The problem appears when a nested SQLiteTransaction is rolled back. (I'm not sure why SQLiteTransaction is even allowing nested transactions in the first place, since the SQLite library itself doesn't support this. However, the SQLiteTransaction implementation clearly allows nested transactions by intention, as can be seen in the source code.)

I think nested System.Data.SQLite transactions should be disallowed at all, since SQLite itself also doesn't actually support this.
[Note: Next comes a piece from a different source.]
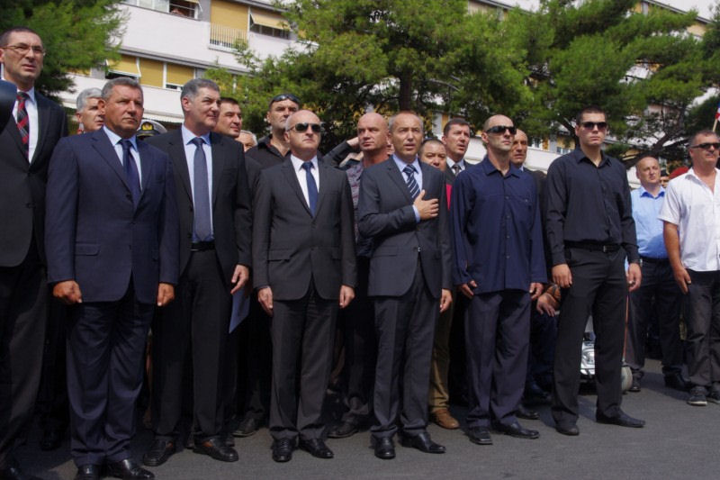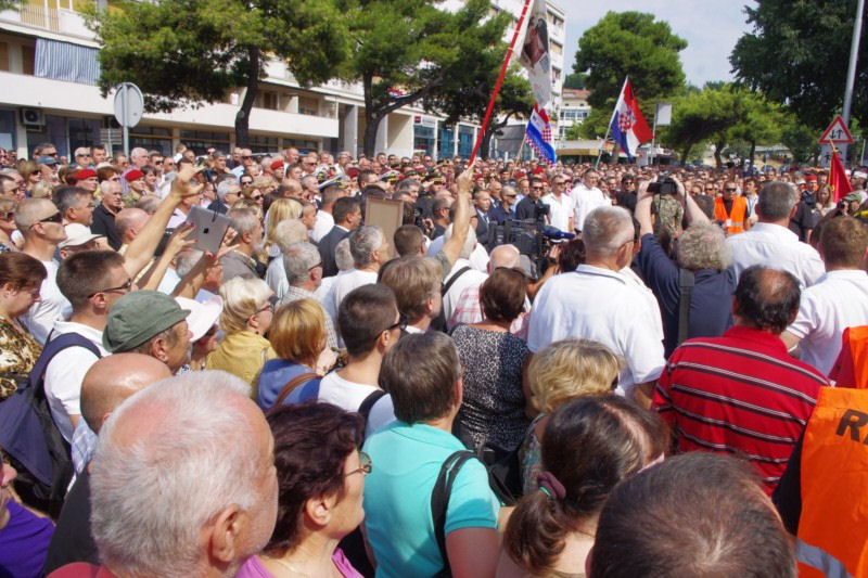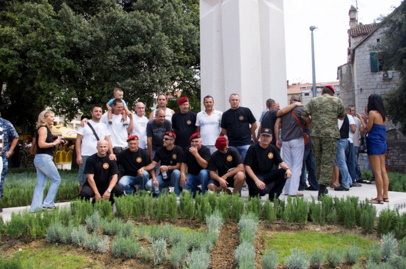 Skupu su se obratili gradonačelnik Splita Ivo Baldasar, župan Zlatko Ževrnja, ratni zapovjednik IV. gardijske brigade general Damir Krstičević te izaslanik predsjednika RH ministar branitelja Fred Matić. Spomenik su na opće oduševljenje zajedno otkrili generali Ante Gotovina i Damir Krstičević. Na kraju je predsjednik Udruge veterana IV. gardijske brigade Božo Zadro zahvalio svima koji su pomogli u postavljanju toga spomenika. Svečanosti su nazočili i veterani IV. gardijske brigade iz doline Neretve.

The test code to reproduce the problem is given below and on Pastebin: [http://pastebin.com/0ZF98DhH]



[TestMethod]
public void TestTransactions() {
	SQLiteConnection connection = ...;

	// Create a test table.
	using (SQLiteCommand command = new SQLiteCommand("CREATE TABLE test(column TEXT);", connection)) {
		command.ExecuteNonQuery();
	}

	// Insert a single row.
	using (SQLiteCommand command = new SQLiteCommand("INSERT INTO test VALUES ('no transaction');", connection)) {
		command.ExecuteNonQuery();
	}

	// Assert that the table contains a single row. Test PASSES.
	using (SQLiteCommand command = new SQLiteCommand("SELECT COUNT(*) FROM test;", connection)) {
		Assert.AreEqual((long)1, command.ExecuteScalar());
	}

	// Begin a transaction.
	using (SQLiteTransaction transaction = connection.BeginTransaction()) {
				
		// Insert another row into the table.
		using (SQLiteCommand command = new SQLiteCommand("INSERT INTO test VALUES ('in transaction');", connection)) {
			command.ExecuteNonQuery();
		}

		// Assert that the table contains two rows. Test PASSES.
		using (SQLiteCommand command = new SQLiteCommand("SELECT COUNT(*) FROM test;", connection)) {
			Assert.AreEqual((long)2, command.ExecuteScalar());
		}

		// Begin another transaction. System.Data.SQLite apparently allows me to do this, as it doesn't throw any exception.
		// Also, the implementation of SQLiteTransaction suggests that transactions can actually be nested.
		using (SQLiteTransaction nestedTransaction = connection.BeginTransaction()) {

			// Insert another row into the table.
			using (SQLiteCommand command = new SQLiteCommand("INSERT INTO test VALUES ('in nested transaction');", connection)) {
				command.ExecuteNonQuery();
			}

			// Assert that the table contains three rows. Test PASSES.
			using (SQLiteCommand command = new SQLiteCommand("SELECT COUNT(*) FROM test;", connection)) {
				Assert.AreEqual((long)3, command.ExecuteScalar());
			}

			// Note: the nested transaction goes out of scope here without a call to Commit(), so an implicit Rollback() is done.
		}

		// The nested transaction has been rolled back again. Assert that the table now contains two rows again. Test FAILS,
		// since actual row count == 1.
		using (SQLiteCommand command = new SQLiteCommand("SELECT COUNT(*) FROM test;", connection)) {
			Assert.AreEqual((long)2, command.ExecuteScalar());
		}

		// Note: transaction goes out of scope here without a call to Commit(), so an implicit Rollback() is done.
	}

	// All transactions have been rolled back again. Assert that the table now contains a single row again. Test PASSES.
	using (SQLiteCommand command = new SQLiteCommand("SELECT COUNT(*) FROM test;", connection)) {
		Assert.AreEqual((long)1, command.ExecuteScalar());
	}
}

mistachkin added on 2016-10-27 20:23:17:
I've reviewed the code in the SQLiteTransaction class and it does not appear to
make sense when applies to nested transactions.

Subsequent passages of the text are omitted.